PROBLEM DETAILS: No pictures belong in the copy, but every line of the material below must be reproduced exactly.

INPUT:
_ _ _ _
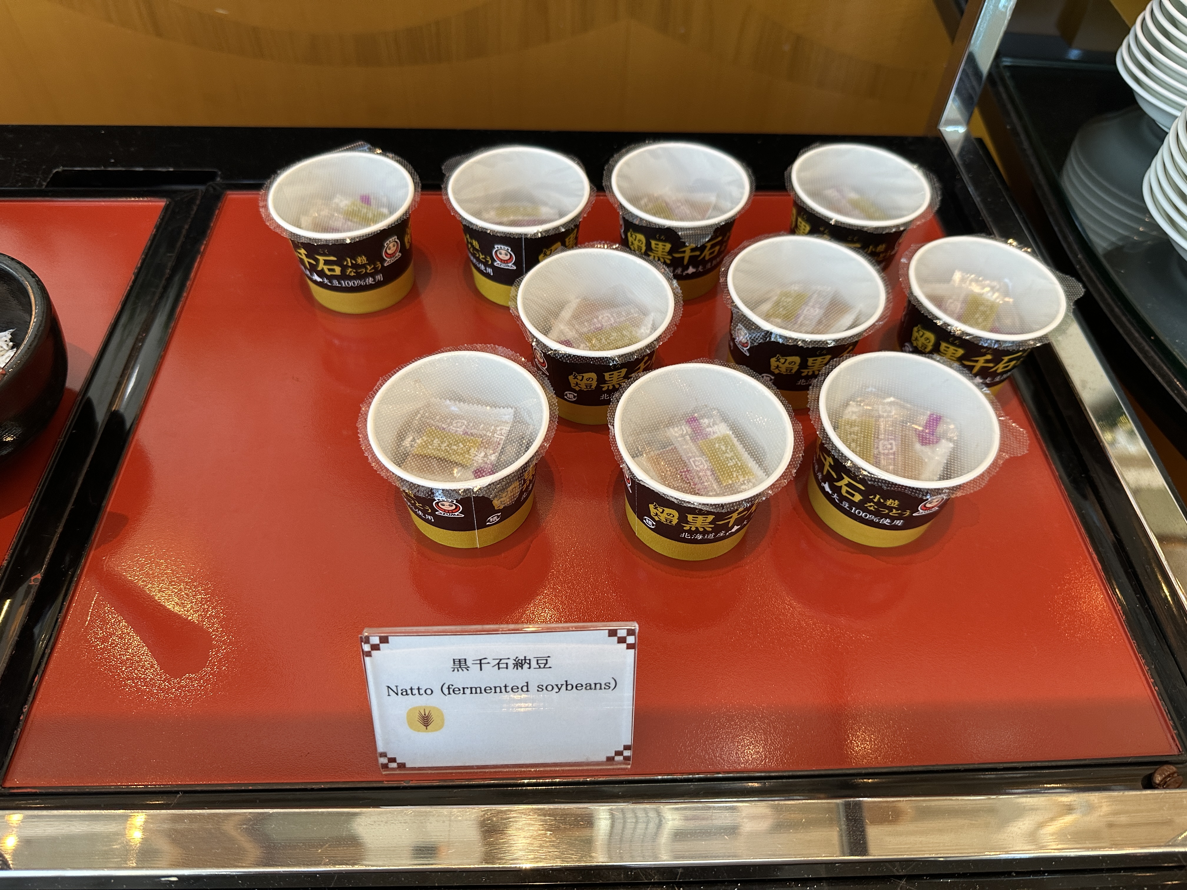 기본적으로 일본식 메뉴(밥, 미소시루, 낫토, 구운 생선, 절임 등)에 서양식 요소가 일부 섞인 하이브리드 뷔페 형태입니다.
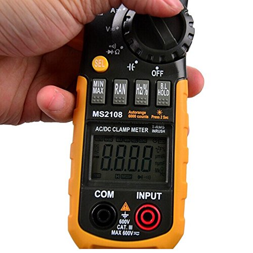 デジタルマルチメータ, Protmex MS2108 デジタルクランプメーター、 6600カウント 自動およびマニュアルレンジ AC / DC 真のRMS マルチメーター AC DC 電圧 現在 抵抗 キャパシタンス 周波数 デューティサイクルテスタ
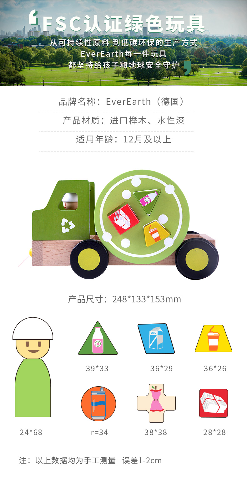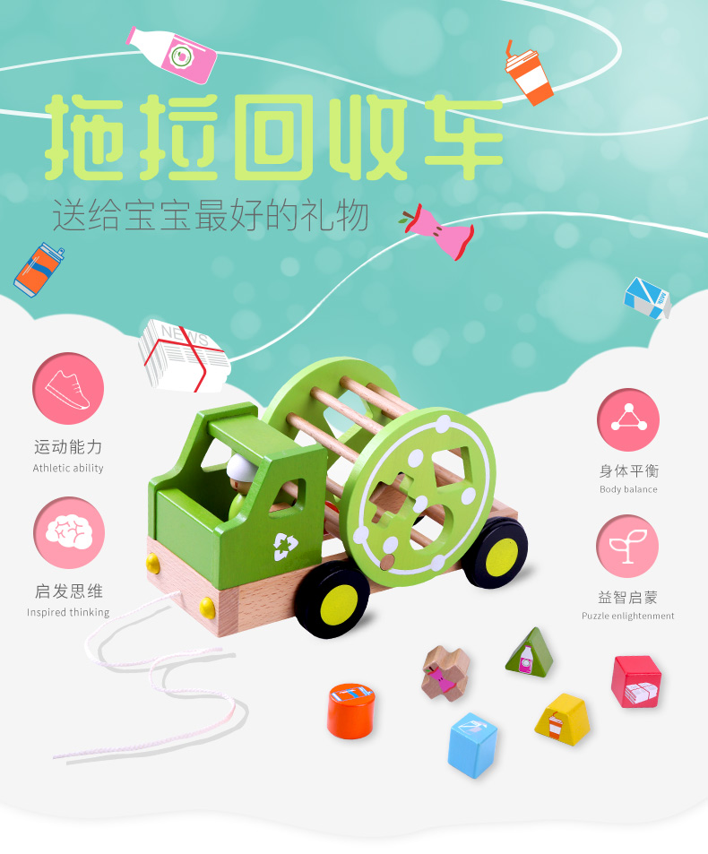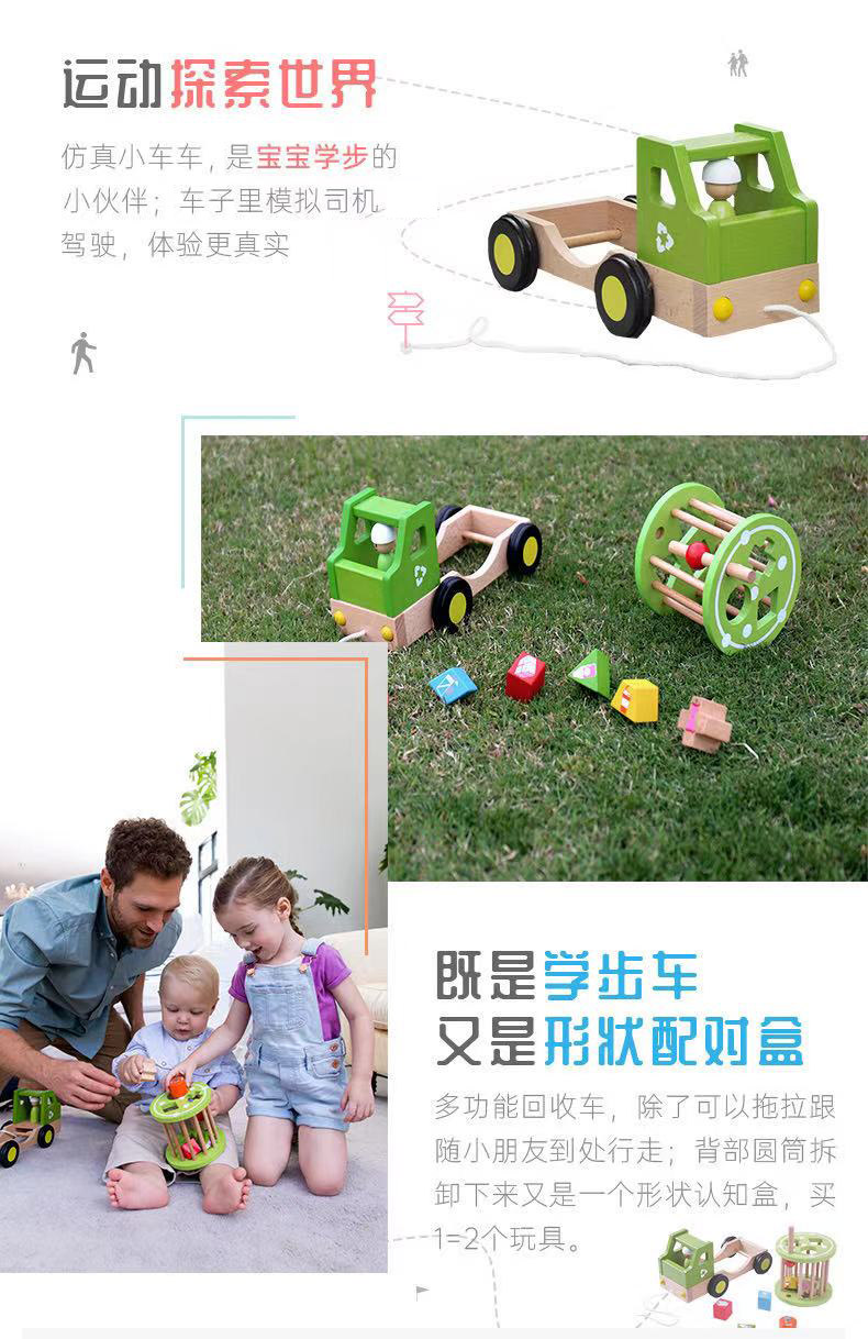 德国EverEarth 拖拉回收车单品 拖拉回收车儿童婴儿宝宝拖拉学步玩具
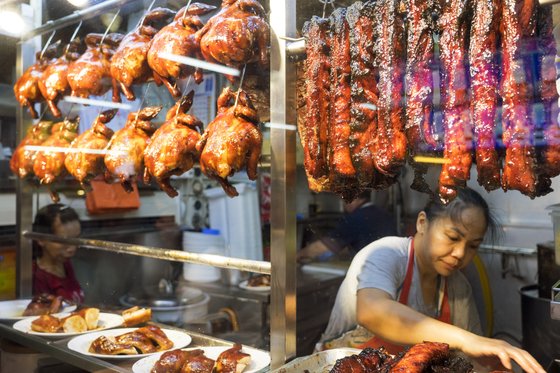 6.5㎡(약 2평) 규모의 호커 찬 본점. 간장 소스에 재운 닭고기가 매장을 가득 채운다. 백종현 기자 |
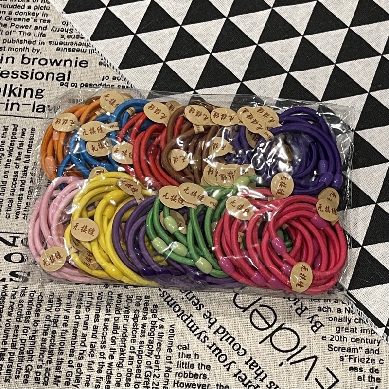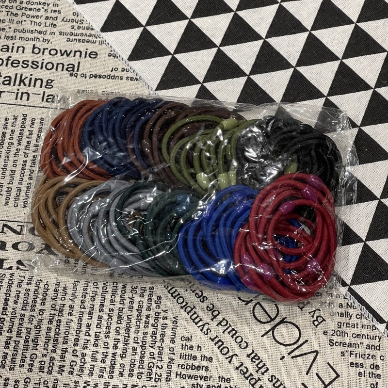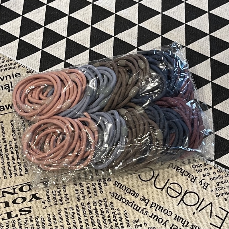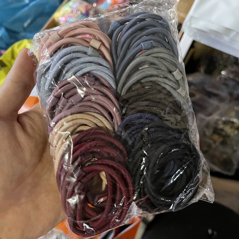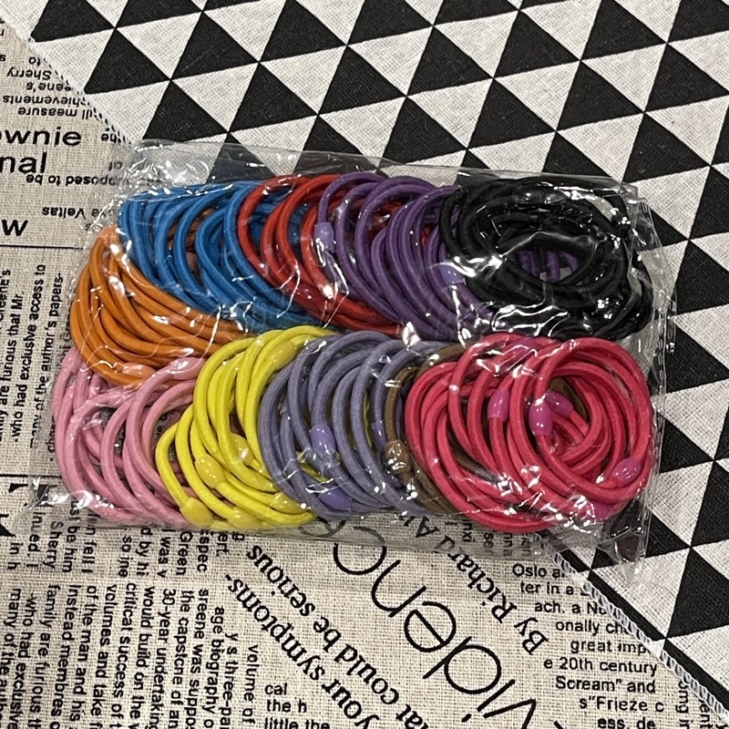 ยกแพค 100 เส้น คละสี ยางรัดผมหลากสี คุณภาพดี ไม่กินเส้นผม มีจี้ตามสี 5 สี สีดำ มินิมอล พาสเทล
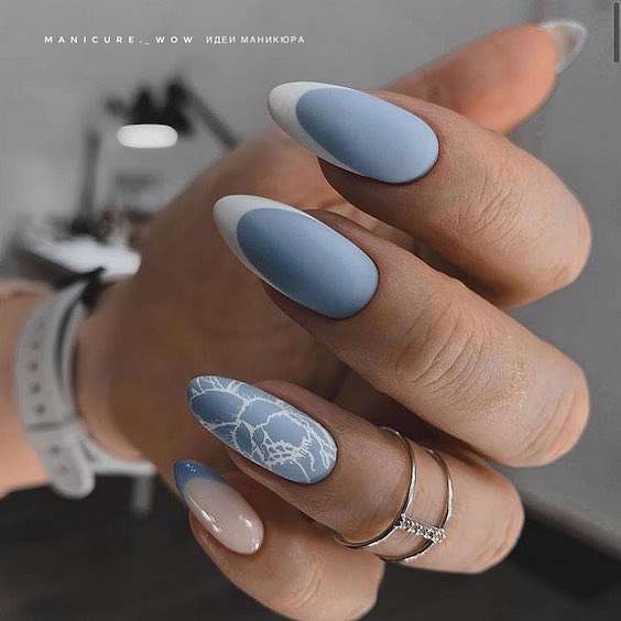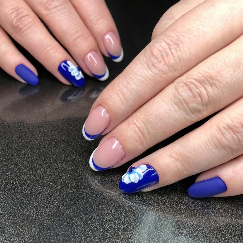 - французский маникюр: вы можете сделать классический французский маникюр, используя синий цвет вместо обычного белого. Это выглядит элегантно и подходит для любого случая;
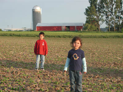 Melina and I got to play in the bean field next to Aunt Julie's house.
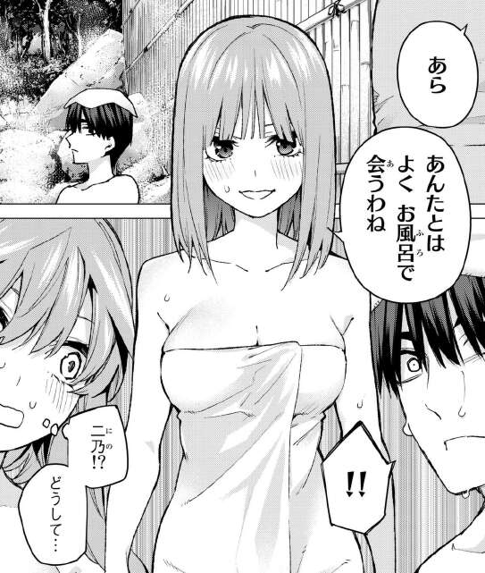 まさか風太郎が二乃と五月、二人と混浴できるとは。二人も大胆ですね。
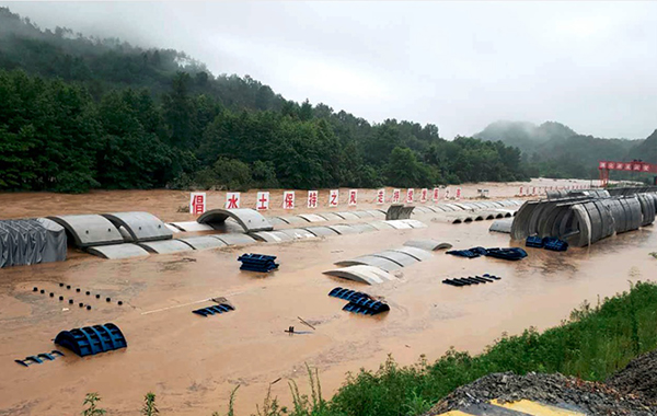 在云(yun)南(nan)鎮雄,中鐵十七局(ju)集團昭瀘項目拌(ban)合站(zhan)、窩凼溝大橋、坪上隧(sui)道(dao)(dao)斜井等(deng)工點相繼因(yin)暴雨受(shou)損(sun)。該項目立即啟動防(fang)汛救災緊(jin)急預(yu)案,通(tong)過(guo)在各水(shui)害路(lu)段堆(dui)碼(ma)沙袋,堵水(shui)引流;及時(shi)清(qing)理泄水(shui)河道(dao)(dao)、路(lu)面雜(za)物(wu),防(fang)止堵塞;同(tong)時(shi)拓寬(kuan)河道(dao)(dao)泄洪面,加固河堤,將(jiang)施工現場受(shou)災情況降(jiang)到(dao)了最低。
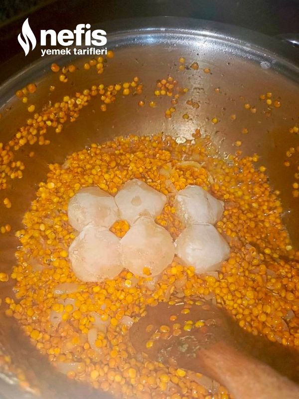 - Ardından et suyu,nane ve kimyon atılır ve su eklenip pişirmeye bırakılır.
_ _ _ _
RESULT FOR THIS TASK:
 기본적으로 일본식 메뉴(밥, 미소시루, 낫토, 구운 생선, 절임 등)에 서양식 요소가 일부 섞인 하이브리드 뷔페 형태입니다.
 デジタルマルチメータ, Protmex MS2108 デジタルクランプメーター、 6600カウント 自動およびマニュアルレンジ AC / DC 真のRMS マルチメーター AC DC 電圧 現在 抵抗 キャパシタンス 周波数 デューティサイクルテスタ
 德国EverEarth 拖拉回收车单品 拖拉回收车儿童婴儿宝宝拖拉学步玩具
 6.5㎡(약 2평) 규모의 호커 찬 본점. 간장 소스에 재운 닭고기가 매장을 가득 채운다. 백종현 기자 |
 ยกแพค 100 เส้น คละสี ยางรัดผมหลากสี คุณภาพดี ไม่กินเส้นผม มีจี้ตามสี 5 สี สีดำ มินิมอล พาสเทล
 - французский маникюр: вы можете сделать классический французский маникюр, используя синий цвет вместо обычного белого. Это выглядит элегантно и подходит для любого случая;
 Melina and I got to play in the bean field next to Aunt Julie's house.
 まさか風太郎が二乃と五月、二人と混浴できるとは。二人も大胆ですね。
 在云(yun)南(nan)鎮雄,中鐵十七局(ju)集團昭瀘項目拌(ban)合站(zhan)、窩凼溝大橋、坪上隧(sui)道(dao)(dao)斜井等(deng)工點相繼因(yin)暴雨受(shou)損(sun)。該項目立即啟動防(fang)汛救災緊(jin)急預(yu)案,通(tong)過(guo)在各水(shui)害路(lu)段堆(dui)碼(ma)沙袋,堵水(shui)引流;及時(shi)清(qing)理泄水(shui)河道(dao)(dao)、路(lu)面雜(za)物(wu),防(fang)止堵塞;同(tong)時(shi)拓寬(kuan)河道(dao)(dao)泄洪面,加固河堤,將(jiang)施工現場受(shou)災情況降(jiang)到(dao)了最低。
 - Ardından et suyu,nane ve kimyon atılır ve su eklenip pişirmeye bırakılır.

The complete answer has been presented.